**Prompt**. Repeat exactly the lines running from the first line of the data to the line containing "Informacje o produkcie", both ends included, and nothing else; drop the pictures.

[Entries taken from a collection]
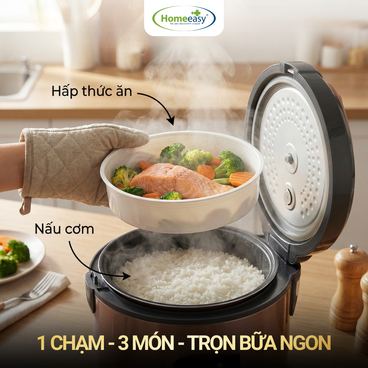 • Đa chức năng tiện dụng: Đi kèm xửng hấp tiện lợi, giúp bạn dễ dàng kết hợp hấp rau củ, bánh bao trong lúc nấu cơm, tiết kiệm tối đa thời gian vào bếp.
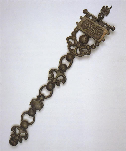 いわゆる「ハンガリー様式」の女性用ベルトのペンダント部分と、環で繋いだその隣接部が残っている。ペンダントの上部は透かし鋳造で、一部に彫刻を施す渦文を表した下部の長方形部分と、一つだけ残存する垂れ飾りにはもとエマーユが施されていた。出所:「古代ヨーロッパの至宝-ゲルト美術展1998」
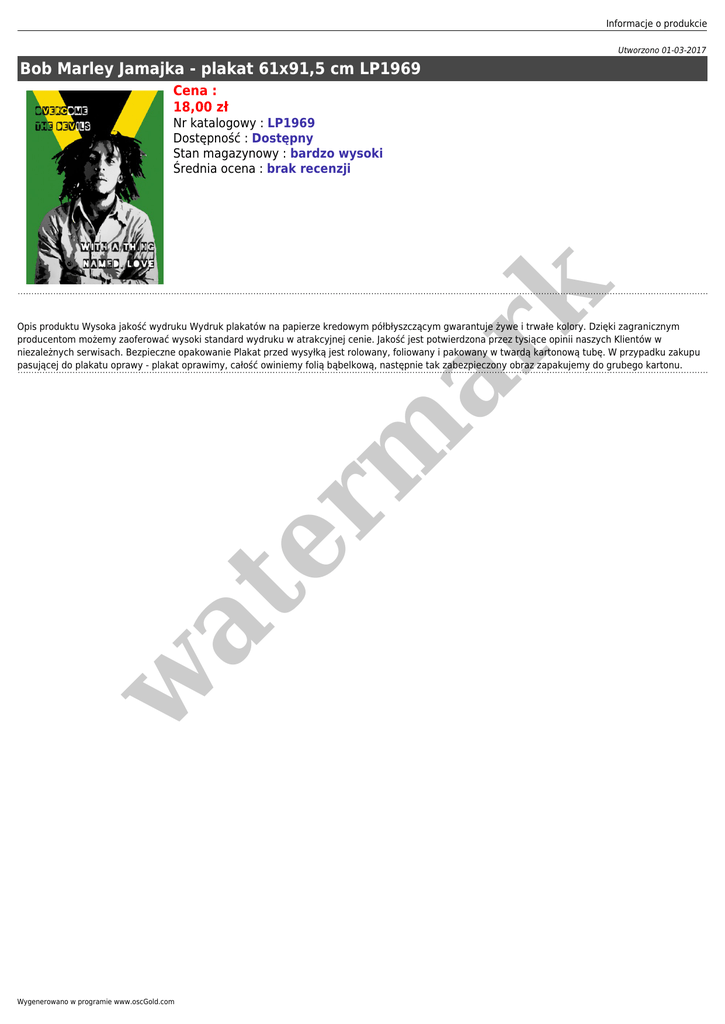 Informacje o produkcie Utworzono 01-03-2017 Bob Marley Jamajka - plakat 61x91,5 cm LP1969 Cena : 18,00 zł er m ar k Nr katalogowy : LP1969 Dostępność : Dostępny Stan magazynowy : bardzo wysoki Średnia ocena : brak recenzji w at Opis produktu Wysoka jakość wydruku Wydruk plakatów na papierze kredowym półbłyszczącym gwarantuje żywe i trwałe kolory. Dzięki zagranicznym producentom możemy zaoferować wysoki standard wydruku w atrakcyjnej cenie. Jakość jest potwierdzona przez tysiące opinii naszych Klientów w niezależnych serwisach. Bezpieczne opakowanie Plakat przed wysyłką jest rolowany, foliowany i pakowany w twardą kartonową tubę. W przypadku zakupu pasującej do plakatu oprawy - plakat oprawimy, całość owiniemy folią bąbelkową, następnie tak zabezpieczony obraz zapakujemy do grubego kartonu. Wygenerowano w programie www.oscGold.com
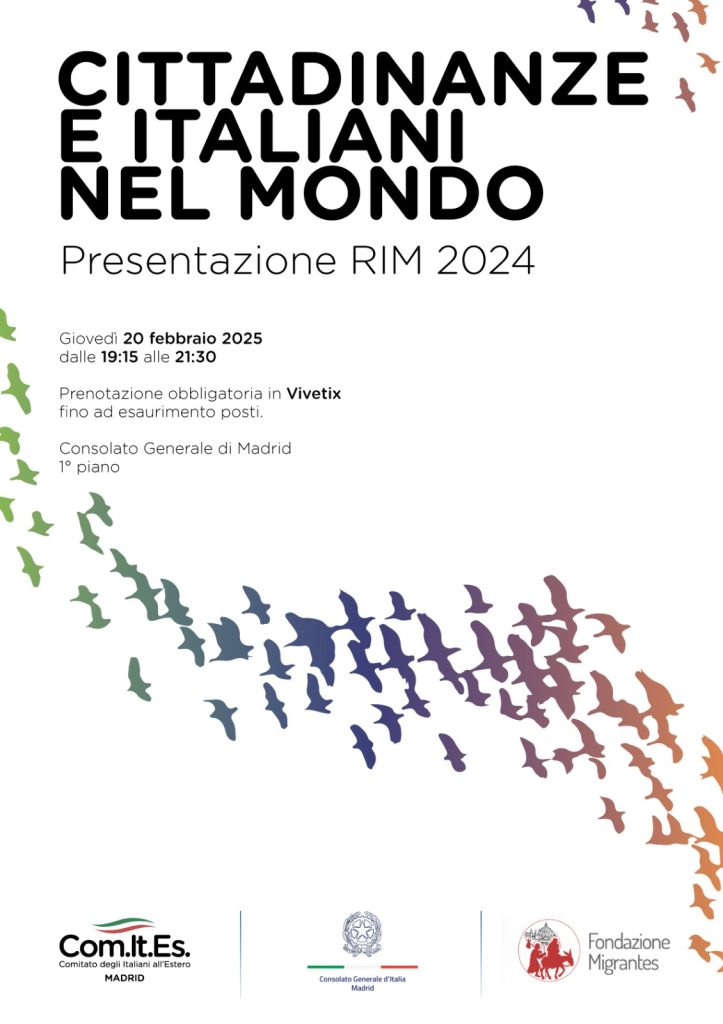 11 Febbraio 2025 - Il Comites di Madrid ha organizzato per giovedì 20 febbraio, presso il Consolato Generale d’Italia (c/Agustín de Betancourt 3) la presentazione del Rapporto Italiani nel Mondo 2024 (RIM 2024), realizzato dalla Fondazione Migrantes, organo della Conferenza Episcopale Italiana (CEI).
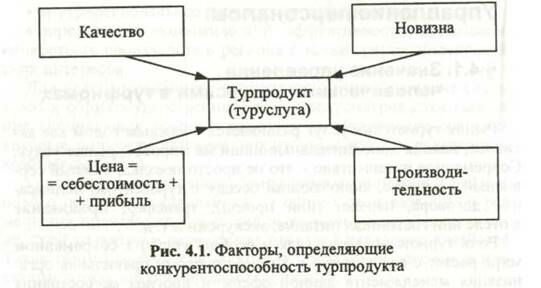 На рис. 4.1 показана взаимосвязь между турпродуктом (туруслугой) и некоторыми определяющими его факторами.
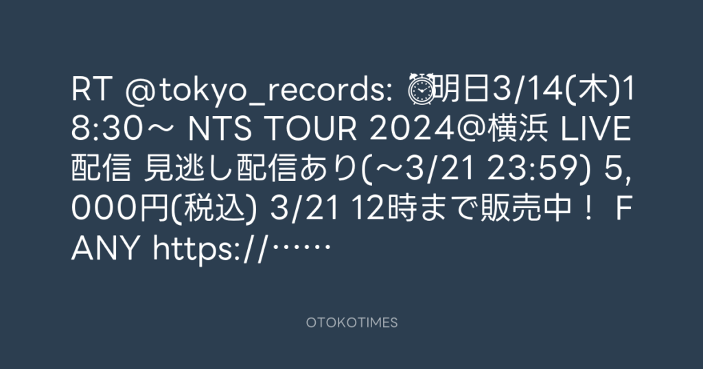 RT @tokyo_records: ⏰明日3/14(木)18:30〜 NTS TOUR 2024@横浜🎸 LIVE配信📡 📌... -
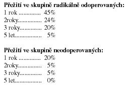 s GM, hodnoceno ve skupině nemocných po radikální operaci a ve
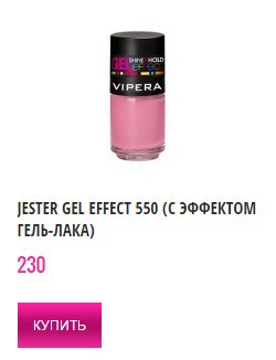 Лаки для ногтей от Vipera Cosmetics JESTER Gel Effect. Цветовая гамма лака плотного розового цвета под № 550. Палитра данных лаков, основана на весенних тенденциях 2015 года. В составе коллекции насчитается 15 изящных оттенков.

**Written solution**.
 • Đa chức năng tiện dụng: Đi kèm xửng hấp tiện lợi, giúp bạn dễ dàng kết hợp hấp rau củ, bánh bao trong lúc nấu cơm, tiết kiệm tối đa thời gian vào bếp.
 いわゆる「ハンガリー様式」の女性用ベルトのペンダント部分と、環で繋いだその隣接部が残っている。ペンダントの上部は透かし鋳造で、一部に彫刻を施す渦文を表した下部の長方形部分と、一つだけ残存する垂れ飾りにはもとエマーユが施されていた。出所:「古代ヨーロッパの至宝-ゲルト美術展1998」
 Informacje o produkcie Utworzono 01-03-2017 Bob Marley Jamajka - plakat 61x91,5 cm LP1969 Cena : 18,00 zł er m ar k Nr katalogowy : LP1969 Dostępność : Dostępny Stan magazynowy : bardzo wysoki Średnia ocena : brak recenzji w at Opis produktu Wysoka jakość wydruku Wydruk plakatów na papierze kredowym półbłyszczącym gwarantuje żywe i trwałe kolory. Dzięki zagranicznym producentom możemy zaoferować wysoki standard wydruku w atrakcyjnej cenie. Jakość jest potwierdzona przez tysiące opinii naszych Klientów w niezależnych serwisach. Bezpieczne opakowanie Plakat przed wysyłką jest rolowany, foliowany i pakowany w twardą kartonową tubę. W przypadku zakupu pasującej do plakatu oprawy - plakat oprawimy, całość owiniemy folią bąbelkową, następnie tak zabezpieczony obraz zapakujemy do grubego kartonu. Wygenerowano w programie www.oscGold.com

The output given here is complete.